The opening of the album is where listeners are introduced to a short and sweet intro called “Cannonball.” Lavigne’s fiery vocals and fast instrumental pace make the track sound like you’ve been transported back to the beginning of the 2000s, topping it off with the same vengeful tone that the singer has never let go of. This track is Lavigne’s redemption from all the people who have hurt her, comparing herself to a “ticking time bomb.” Obviously, her emotions get the best of her and she can explode when the feelings of anger and frustration are bottled up for too long, explaining the “Cannonball” title.

Shortly after, “Bois Lie ft. Machine Gun Kelly” is a sucker punch to all the lovers who have lied to Lavigne in the past, creating the perfect comeback track. It’s a track full of questions and the singer losing her patience, which is evident through the constant wailing and shouting. MGK and Lavigne’s voices mix well together, making this a strong duet. This song is one that you could bang your head along to.

“Bite Me” is the feminist anthem that fans have being yearning for for years from Lavigne. The vocals are stunning and pierce right through the heart of whoever backstabbed her to make the song possible. She warns this person not to mess with her and calls them out for their actions. Interestingly, Lavigne is facing the reality of what this relationship really was by providing listeners with an honest and raw take on what being disloyal entails. 

The next few tracks blur into the background as they all use pretty same-y instrumentals and lyrical themes of betrayal and heartbreak, which fail to showcase Lavigne’s amazing range and poetic nature usually within her songs.
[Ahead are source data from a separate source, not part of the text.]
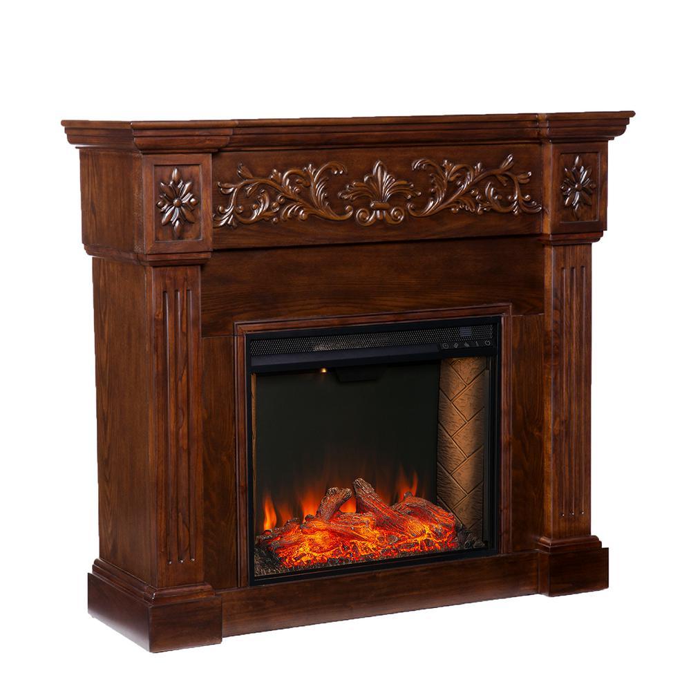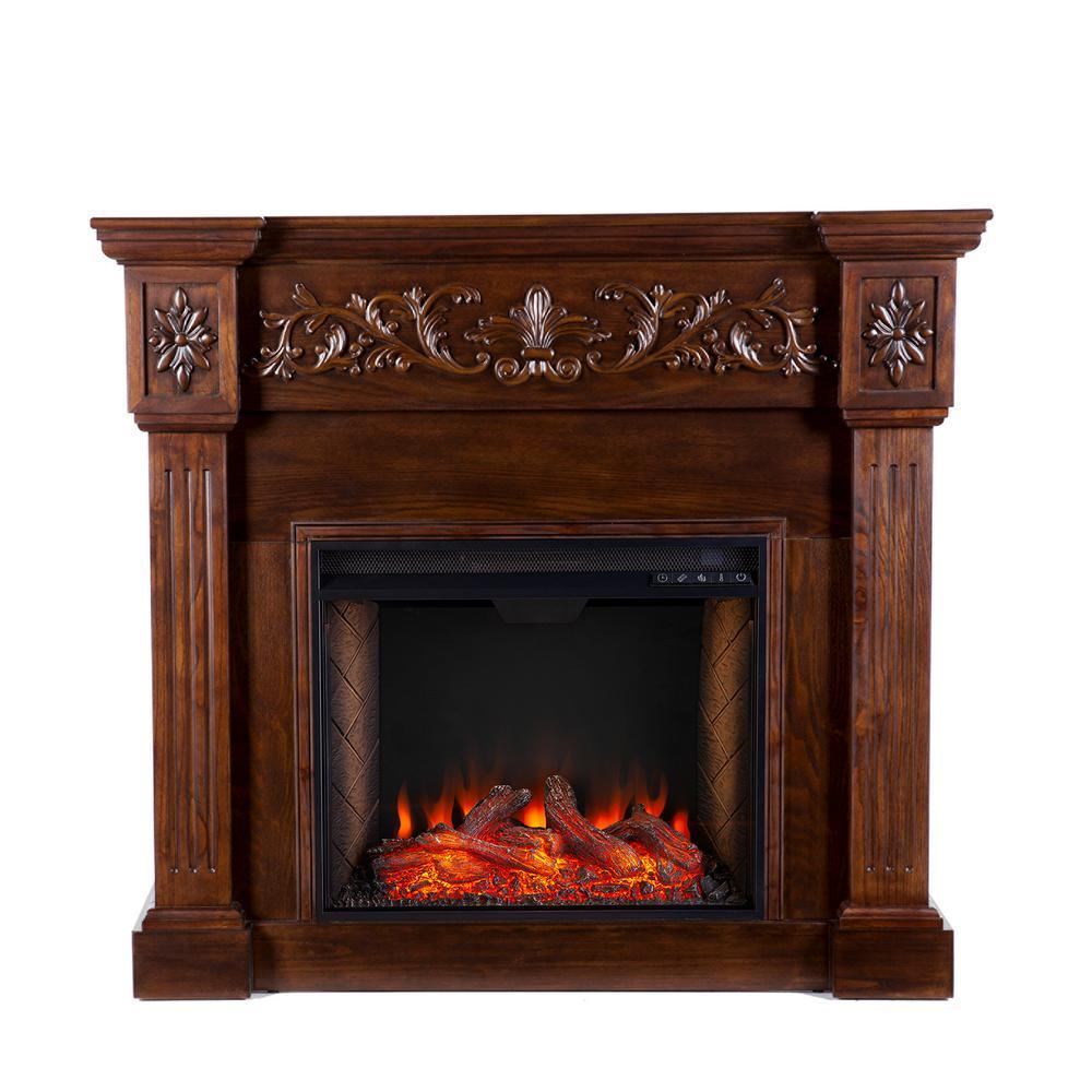 Turn on traditional style with this smart fireplace TV stand. Elegant woodwork graces the mantel, highlighting a handsome, classic silhouette, while the modern convenience of Alexa control and electric heat keep you in the present day. Glowing faux fire logs add ambiance with flickering LED flames and lifelike embers, with or without heat. Voice-enabled Alexa technology allows for seamless control from anywhere in the room. Warm up a timeless look with this electric fireplace media stand in your living room or home office.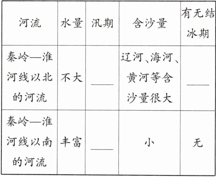 (2) 秦岭—淮河线以北、以南河流的水文特征:结合教科书相关内容,填写表2-3-3。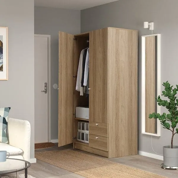 VILHATTEN wardrobe with 2 doors and 2 drawers, oak effect, 98x57x190 cm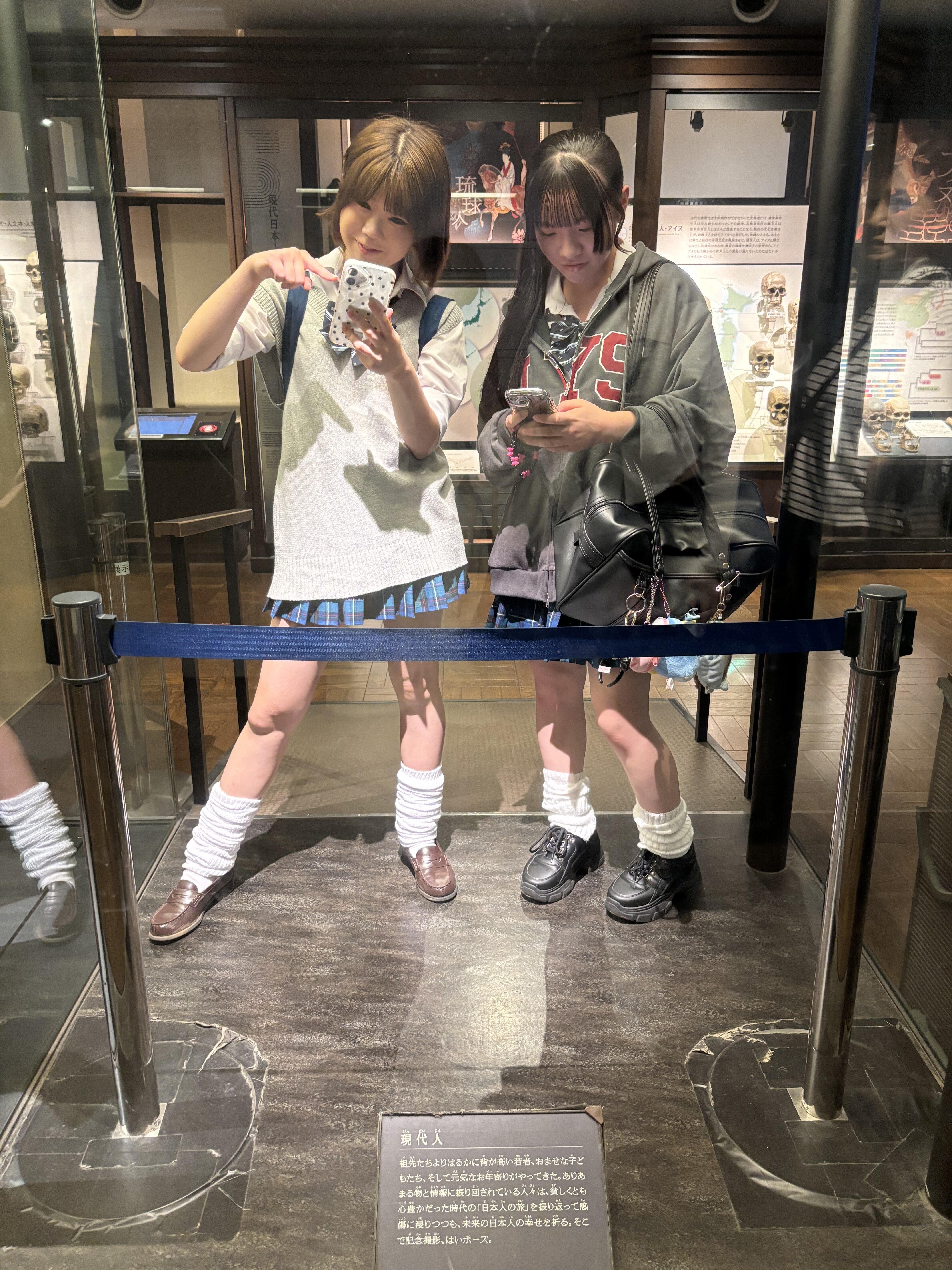 国立科学博物館は本当に広く生徒達もどれから見学していこうか、迷っていました💦その中でも興味関心が高かったのがこちらの展示物です。各年代の日本人の様子を展示していたのですが、「現代人」のところで???

Luckily, the second half of the album saves the singer from totally losing the magic within her music.

“Kiss Me Like The World Is Ending” is once again a quick song, but the lyrics really do make it seem like the world is ending and that the one you love is there to comfort you through it. Lavigne wants to be with the person she loves, no matter what life throws at her. The song’s lyrics like “I don’t want to say goodbye / Let’s meet up after we die” make it feel existential in tone, but it’s easily still one that you can get up and dance to. Once again, the singer’s vocals are polished, proving that Lavigne is still just as good as she was at age 17.

While it sounds a lot like many of the previous tracks on Love Sux, “Deja vu” uses blatant and straight-forward lyrics to emphasize the point that Lavigne will not let anyone use her. “Just admit it you’re an asshole / Living in a castle” is a line you won’t forget as she sings of expecting the person she once loved to change, but realizing later on they never will. Whoever the song is targeted at clearly was deeply flawed, relying on drugs and alcohol to make excuses for treating her as an object. Lavigne experiments with her range on this song, switching from her high soprano to a gravely, sneering dialect.

The rest of the album doesn’t have many standouts, causing many songs to become skips that could have easily been cut from the tracklist. It’s almost as if Lavigne is trying too hard to replicate her past music as the end grows closer, using similar guitars, drum tempos and layered screaming that not even Lavigne fans miss much anymore. 

Strong and vibrant at the beginning and repetitive and boring towards the end, Love Sux is by no means a flawless album, but it is a somewhat well-thought out replica of the early 2000s pop-punk that we all miss. Lavigne still hasn’t lost the fire and rage within her voice, nor her writing abilities, but it might be time for her to change direction in the near future.